Warum wärst du gerne ein Mädchen? Das fragte Elena Senft vorigen Freitag. Ric Graf grübelt, zählt Vor- und Nachteile auf, hat prompt einen alten Song im Ohr - und antwortet ihr heute. Seine Kolumne lest ihr hier.

Ric-Mütze
Mützenmann. Unser Autor Ric Graf.Foto: Doris Spiekermann-Klaas

Eines steht fest: Ich bleibe ein Mann, außer ich komme zeit meines Lebens noch auf die Idee, mich operieren zu lassen. Das habe ich nicht vor, denn eigentlich fühle ich mich ganz wohl in meiner Haut. Obwohl es natürlich Vorteile hätte, einmal im Leben einen Tag als Frau zu verbringen: Erstens könnte ich versuchen zu verstehen, warum das zwischen Jungs und Mädchen alles so kompliziert ist, warum wir definitiv ein dauerhaftes Kommunikationsproblem haben und uns eigentlich immer erst dann klärend zusammensetzen, wenn ihr den Spruch bringt: „Wir müssen reden!“

Mascara und Make-up? Super

Natürlich hätte es auch noch andere Vorteile, diesen Test durchzuführen – und da lande ich jetzt mal schnell in der Klischeefalle. Ihr habt den Vorteil, nach einer harten Partynacht sämtliche Spuren der Nacht mit Mascara und Make-up wegzuretuschieren. Uns bleiben die Augenringe, denn die Gleichberechtigung lässt irgendwie noch keine Schminke für Jungs zu.

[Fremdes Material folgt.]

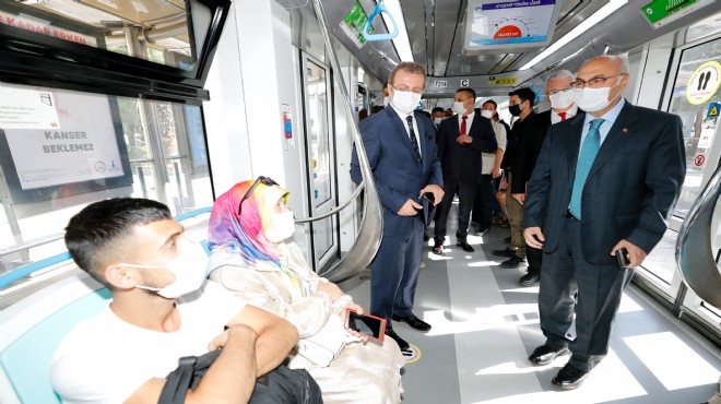 Vali Köşger, beraberindeki kurum müdürleri ile Karşıyaka ilçesinde denetlemeler gerçekleştirdi. Köşger, tramvayda yolculuk eden vatandaşlarla sohbet etti.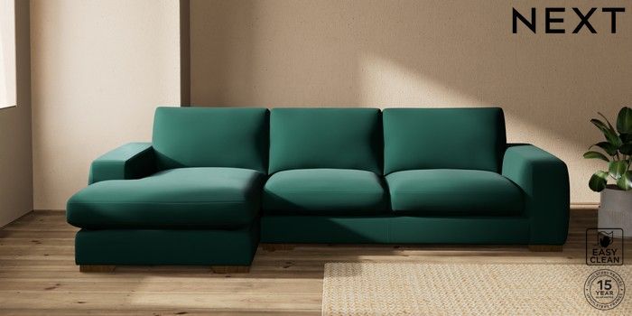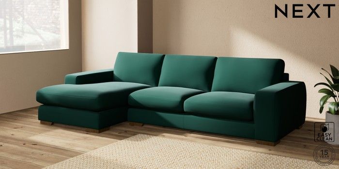 7.2.10 Houghton Deep Sit Large Sofa Chaise - Left Hand Plush Velvet Easy Clean Bottle Green Large Square Angle - Mid | Made Click here to use our website with more accessibility support, for example screen readers

Bei schickeren Ereignissen könnt ihr anders als wir auf viele Kleider zurückgreifen. Uns bleibt der Smoking. Und es ist auch nicht peinlich, wenn ihr euch zum „Popstars“ Schauen mit euren Freundinnen verabredet. Wir können das beim Fußball, aber das interessiert mich überhaupt nicht.

Binden und Tampons? Nicht so super

Dafür müsst ihr zum Frauenarzt, um eventuell die Pille zu nehmen, habt dieses lästige Ding „die Regel“ monatlich auf dem Plan, braucht Binden oder Tampons. Da bleibe ich doch gerne Mann.

Im Prinzip ist diese Geschlechterfrage aber auch total uninteressant – für mich zumindest. Wie unterschiedlich sind denn Jungs und Mädchen wirklich? Gesellschaftlich sind wir in bestimmte Rollen-Bilder geboren, aber ich schaue dann auch lieber Popstars als Fußball. Wenn ich mich entscheiden müsste.

Aber ich bleibe halt Weihnachtsmann und werde wohl niemals Weihnachtsfee.

Elena, was wünscht du dir für 2009?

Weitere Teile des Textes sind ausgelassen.